Task requirements –
Select the lines of the records containing the word "para" and list them.

BEGIN Entries supplied

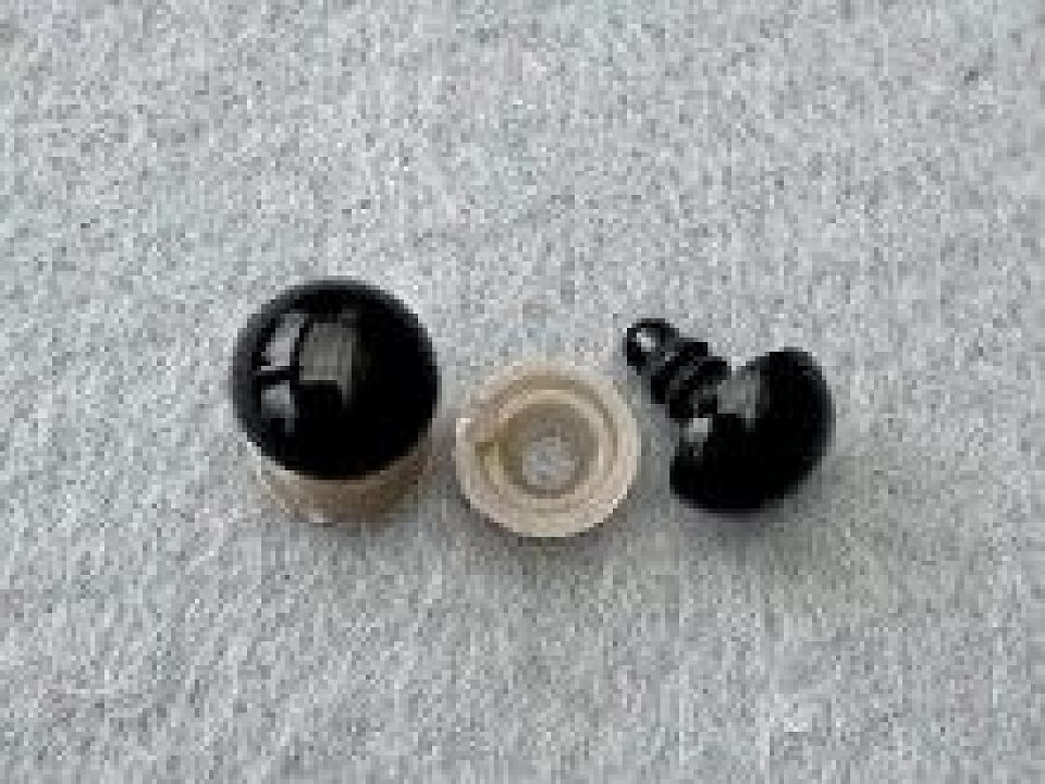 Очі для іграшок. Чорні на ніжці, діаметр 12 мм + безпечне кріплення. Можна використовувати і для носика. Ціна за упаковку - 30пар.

END Entries supplied
BEGIN Entries supplied

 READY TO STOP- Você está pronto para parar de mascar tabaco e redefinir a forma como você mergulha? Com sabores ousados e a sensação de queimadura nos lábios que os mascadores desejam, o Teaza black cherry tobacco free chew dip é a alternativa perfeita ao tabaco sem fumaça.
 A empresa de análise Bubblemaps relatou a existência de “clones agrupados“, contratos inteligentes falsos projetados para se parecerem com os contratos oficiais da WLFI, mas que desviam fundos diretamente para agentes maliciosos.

END Entries supplied

Result –
 READY TO STOP- Você está pronto para parar de mascar tabaco e redefinir a forma como você mergulha? Com sabores ousados e a sensação de queimadura nos lábios que os mascadores desejam, o Teaza black cherry tobacco free chew dip é a alternativa perfeita ao tabaco sem fumaça.
 A empresa de análise Bubblemaps relatou a existência de “clones agrupados“, contratos inteligentes falsos projetados para se parecerem com os contratos oficiais da WLFI, mas que desviam fundos diretamente para agentes maliciosos.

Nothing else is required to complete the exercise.